Stories about women – the way that they live, the roads that they take, and the strength that the possess are something that we love to watch. Women are complicated creatures, but the simple thing that binds us all? Well, that would be that women (most people really) want nothing more than to be loved.
In Starz’s latest television series – Three Women – the characters are being asked to share about their lives. The gist? Well, that would be that “writer Gia convinces three women to tell her their stories; entrepreneur Sloane, homemaker Lina, and student Maggie are on a crash course to radically overturn their lives.”
Three women and their stories take center stage in the show that has already aired in its entirety in Australia. It was shot for Showtime but is airing on Starz. The 10-episode series feels like a series of short stories wrapped into one long drawn-out book, but that’s not such a bad thing. Why? Because that’s the way life is. Sometimes it is drawn out. Sometimes it feels like a little bit of an overtelling.
Talking with star Betty Gilpin, we wanted to learn more about her character of Lina. It’s always interesting to hear how an actor describes their character.
“Lina is a woman who lives in suburban Indiana. She has two young kids, and we meet her at a point in her life where she’s had enough. She’s someone who desperately wants to be kissed and touched and celebrated, and her husband will not touch her, will not even kiss her. She realizes that they maybe have never even kissed ever.
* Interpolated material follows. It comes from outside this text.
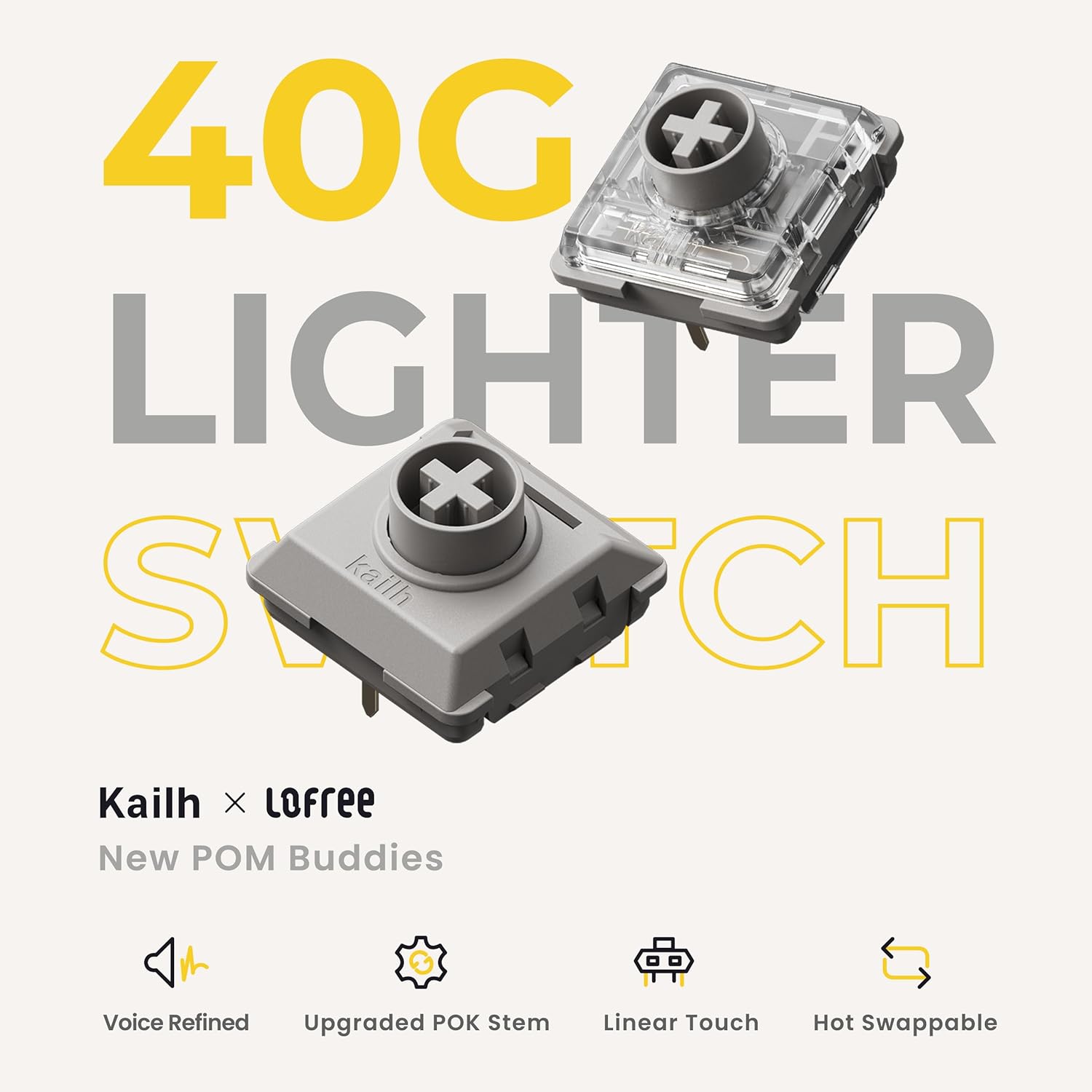 - Specter Full POM Linear Switches: New members of the Lofree and Kailh Low-profile Full POM Switch family, Aiming to soften the touch and reduce muscle strain on wrists with fingers curved naturally, we lower the operating force from 50gf to 40gf, significantly reducing finger joint fatigue during long typing sessions
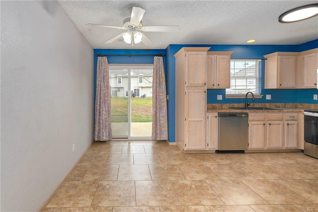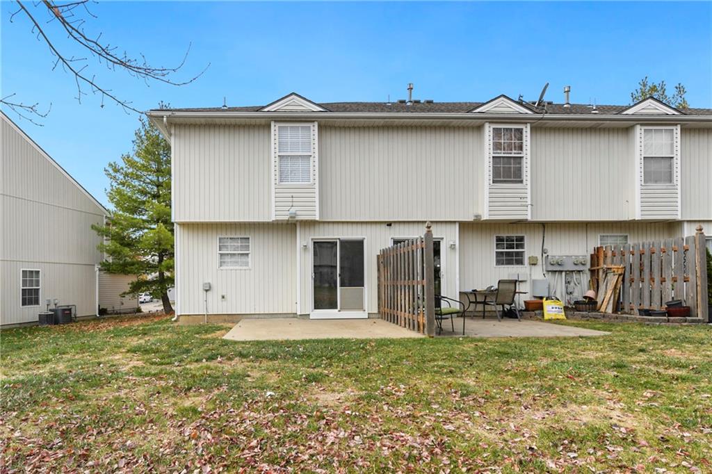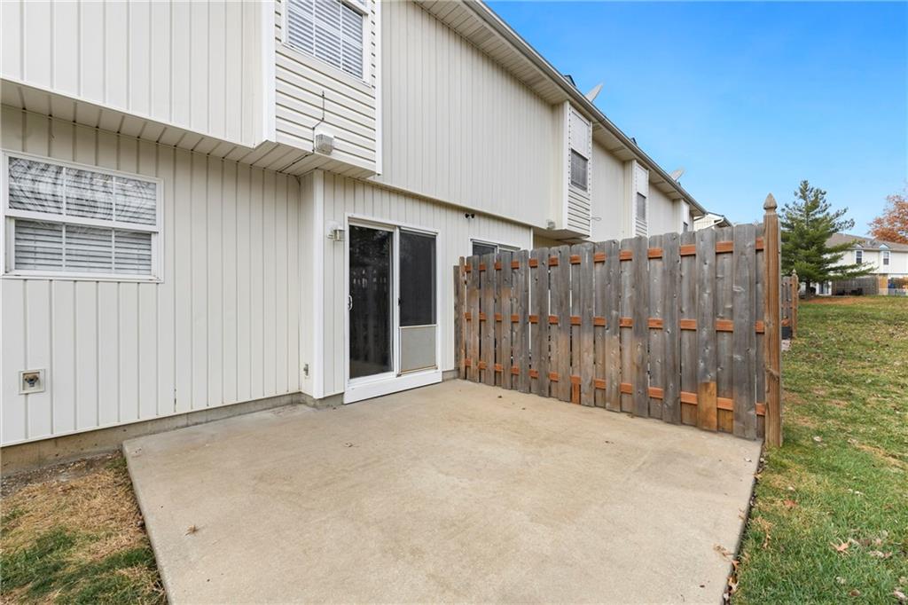 Now is your chance....don't miss it! Highly sought after end unit that backs to greenspace with trees. MOVE IN READY!!! Cleaned from top to bottom (even power washed the patio) with a splash of color (various ocean/sky blues and relaxing grays). NEW - kitchen SS appliances (stove, microwave, & dishwasher), carpet throughout the whole unit, kitchen faucet, primary suite - light fixtures, sink faucet, shower & bathtub faucets, toilet flange ring & wax ring), water heater (next week), window & storm door screens (4), & 2 sets of blinds. Seller replaced A/C unit the summer of 2023 to a Trane XR (upgraded). Other updates include - kitchen ceiling light fixture, taller toilet in primary bath, & new fan in living room. BIG BONUS - Garage features an attic pull-down with stairs for additional storage. Front faces West (sun to clear driveway). The patio is on the East (shade for the evening). Washer & dryer stay with the unit. Amenities include lawn care, snow removal, community pool, exterior maintenance. Neighborhood is owner occupied only, no rentals allowed. Home is close to shopping and restaurants, with quick highway access, and located within award winning Lee's Summit School District. Don’t miss out on this fantastic opportunity to own a move-in ready home with thoughtful updates in a prime location.

She decides I literally cannot live like this anymore or I will die and takes her life into her own hands and has an affair with her high school sweetheart. We watch her life both implode and soar at the same time.” she says when describing her character.
Like so many of us, Lina is just wanting to be loved and seen. Never having that in one’s life can leave anyone feeling lost and alone.
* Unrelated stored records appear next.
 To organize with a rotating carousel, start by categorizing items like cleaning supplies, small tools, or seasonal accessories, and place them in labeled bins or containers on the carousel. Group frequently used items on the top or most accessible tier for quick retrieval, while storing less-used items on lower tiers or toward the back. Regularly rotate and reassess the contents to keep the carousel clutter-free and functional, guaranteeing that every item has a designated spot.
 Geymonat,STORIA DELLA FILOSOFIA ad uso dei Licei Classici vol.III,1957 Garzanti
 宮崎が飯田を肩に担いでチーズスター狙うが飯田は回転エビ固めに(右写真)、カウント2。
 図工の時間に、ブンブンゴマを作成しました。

But because this is an adaptation of a book, one has to wonder if Gelpin is worried about the way that people will perceive her playing the role. Would fans of the book be able to resonate with Lina on screen as deeply as they did with the book?
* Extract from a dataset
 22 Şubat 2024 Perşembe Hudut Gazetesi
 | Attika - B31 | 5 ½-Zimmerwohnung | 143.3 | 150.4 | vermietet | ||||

Gilpin says, “I, as a fan of the book was afraid of that as well. I was pretty obsessed with the book when it came out. I think part of the book’s success is there aren’t any images. You’re able to put yourself in each of the women’s stories. You can see yourself so clearly at different phases in your own life. Sort of fit with the words exclusively in a vacuum and process it just you and this character that you’re holding in your hands, literally the words in your hands. I think that part of doing service to the book and to these real women is that these are three very different people, but people who deserve to be protagonists and three souls that deserve to have their time in the sun.”
She then continued, “Strangely, I think that the book and then this series helps literally do that. It was emotional for me to think about while we were filming it, particularly the scenes where Lina felt so invisible to the people around her. She was living the wrong life and that in her head, she was the lead of this romantic, epic, and she looks around and she’s in a beige minivan. Keep your wants to yourself world. In that, we’re filming a TV show about it. She was the lead in her own romantic epic. I felt weirdly like we were giving this character what it wanted 15 years later.”
Having grown up and knowing people who live in the Midwest, I have to admit that I resonated with Lina and seeing her on the screen. She is as relatable as in the book.